As the legislative findings recite (see East New York Sav. Bank v. Hahn, 293 N. Y. 622, affd. 326 U. S. 230) and as our records show and we all know, the possession by young people in the public streets and parks in New York City of knives and other sharp pointed or edged instruments "resulted in the commission of many homicides, robberies, maimings and assaults of and upon the people of the city ”, and the continued possession of such instruments by the young people of the city presented an ever present danger of teen-age gang wars. The members of the City Council, exercising their police power, enacted that the possession or carrying of such instruments in public places in New York City by persons under 21 years of age should be a punishable offense. The statute is surely of equal validity with section 1896 of the Penal Law, which makes it a misdemeanor to sell or possess a switchblade knife. It does not go nearly so far as subdivision g of section 436-5.0 of the Administrative Code of the City of New York, which makes criminal the selling or possession of an imitation pistol or revolver of particular color or appearance (see People v. Weinstein, 4 N Y 2d 986), or section 1894-a of the Penal Law, which penalizes the sale of ordinary fireworks.

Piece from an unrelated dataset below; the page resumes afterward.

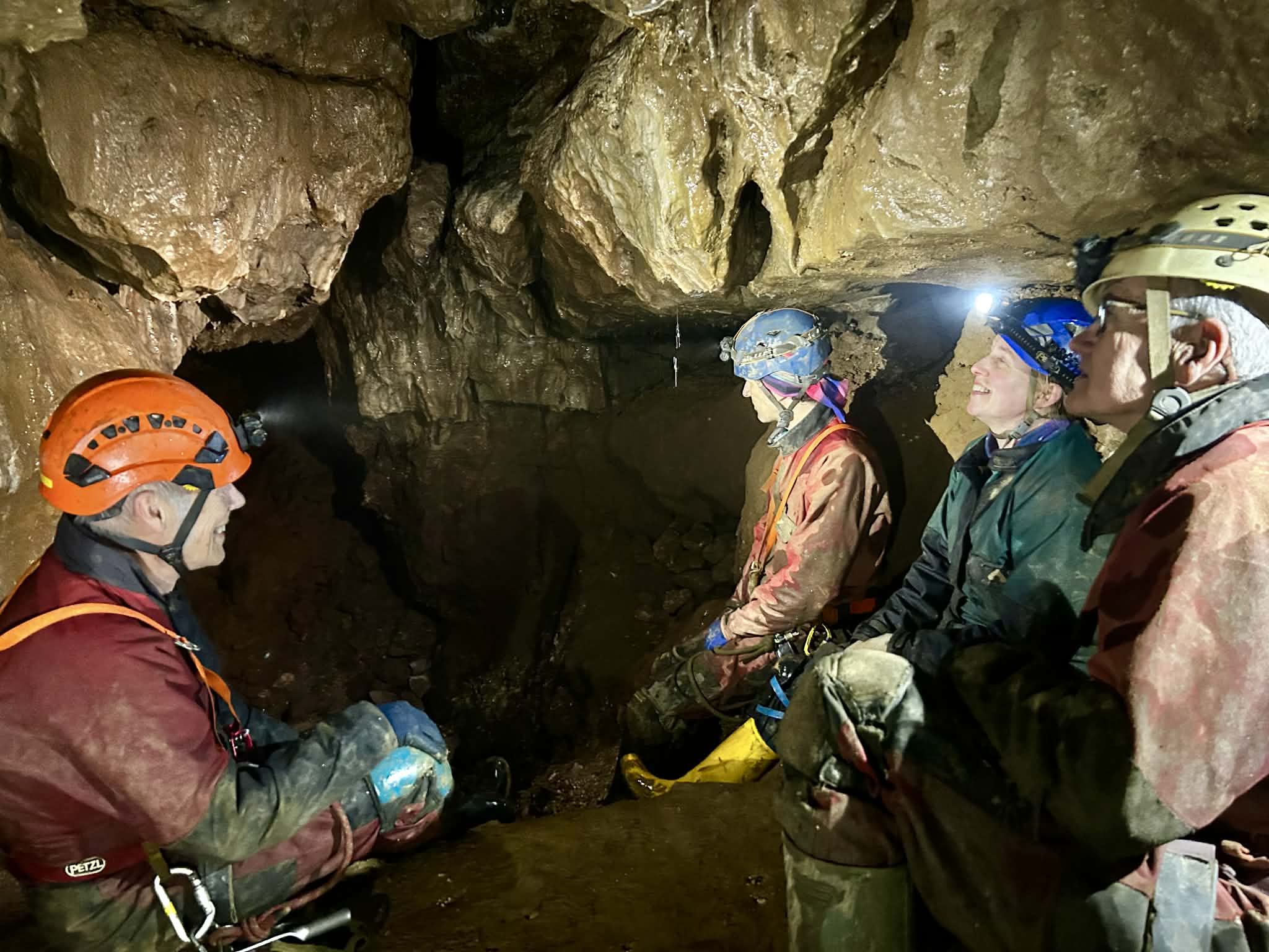 Down we went, squeezing and climbing along. After a bit of classic Hillocks stomping we reunited at the bottom, where—because it’s what cavers actually do—we immediately stopped for a chat. And then some exploring. And then more chatting.

I see nothing vague or indefinite about this local law. It forbids the carrying in public places of knives and sharp pointed or edged instruments 1 ‘ which may be used for cutting or puncturing ”. Of course, that outlaws some articles which could be used for peaceful purposes but the statute contains carefully drawn exceptions. It excludes from its coverage persons whose possession of such knives or instruments is necessary in their occupations, and persons who are licensed hunters, trappers or fishermen. It exempts members of the Boy Scouts of America *62and similar organizations when the possession of knives is necessary for the activities of the organization, and it excludes all cases where the knife or instrument is carried for a lawful purpose not including self-defense or amusement. Why should there be any difficulty in construing or applying such language?
Of course, this is a drastic statute but it was enacted by reasonable and practical men to deal with a desperaté situation and to protect the peace and safety of a crowded city, difficult to govern at best. None of the cases cited in the majority opinion invalidate such a law. With proper self-restraint we have consistently refused to strike down police power statutes except as a “last resort ” and have consistently applied the presumption of constitutionality (Wiggins v. Town of Somers, 4 N Y 2d 215). This is notably a case for such self-restraint. The courts should not interfere with the local legislature’s reasonable and intelligent efforts to deal with public, widespread disorder.
The judgment should be affirmed.
Judges Ftjld, Froessel, Burke and Foster concur with Judge Van Voorhis ; Chief Judge Desmond dissents in an opinion in which Judge Dye concurs.
Judgment reversed and complaint dismissed.